Task item:
Exactly the lines from the one holding "با WD Purple" through the end of the material below must be printed, nothing more, and the pictures must be dropped.

Source data:

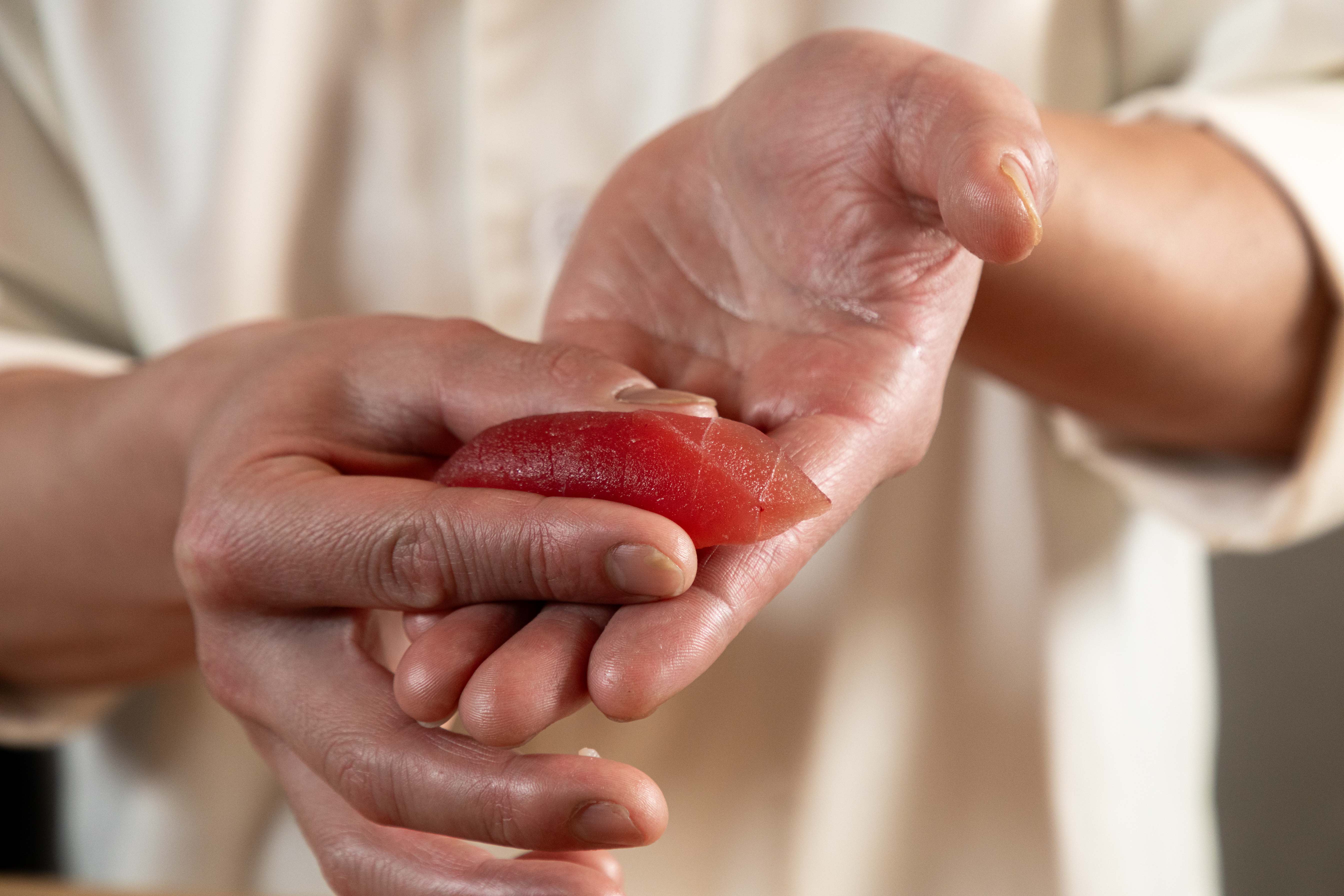 赤酢を使用したすし酢をあわせた江戶前風寿司を
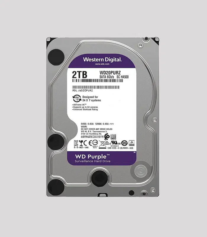 با WD Purple 2TB میتوانید بهراحتی فضای ذخیرهسازی پروژههای نظارتی کوچک و متوسط را مدیریت کنید: پشتیبانی از تعداد بالای استریمها، مقاوم در برابر نوسانات حرارتی و ارتعاشات محیط NVR، و پشتوانهی گارانتی رسمی سازنده برای آرامش خیال شما. این هارد برای کاربردهایی که نوشتن مداوم و حجم کاری بالا دارند (workload up to ~180 TB/year در برخی مدلها) بهینه شده است.
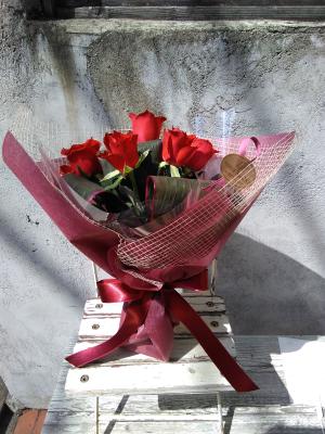 【お祝い花】プロにおまかせ ブーケ「赤系」3,850円

Solution:
 با WD Purple 2TB میتوانید بهراحتی فضای ذخیرهسازی پروژههای نظارتی کوچک و متوسط را مدیریت کنید: پشتیبانی از تعداد بالای استریمها، مقاوم در برابر نوسانات حرارتی و ارتعاشات محیط NVR، و پشتوانهی گارانتی رسمی سازنده برای آرامش خیال شما. این هارد برای کاربردهایی که نوشتن مداوم و حجم کاری بالا دارند (workload up to ~180 TB/year در برخی مدلها) بهینه شده است.
 【お祝い花】プロにおまかせ ブーケ「赤系」3,850円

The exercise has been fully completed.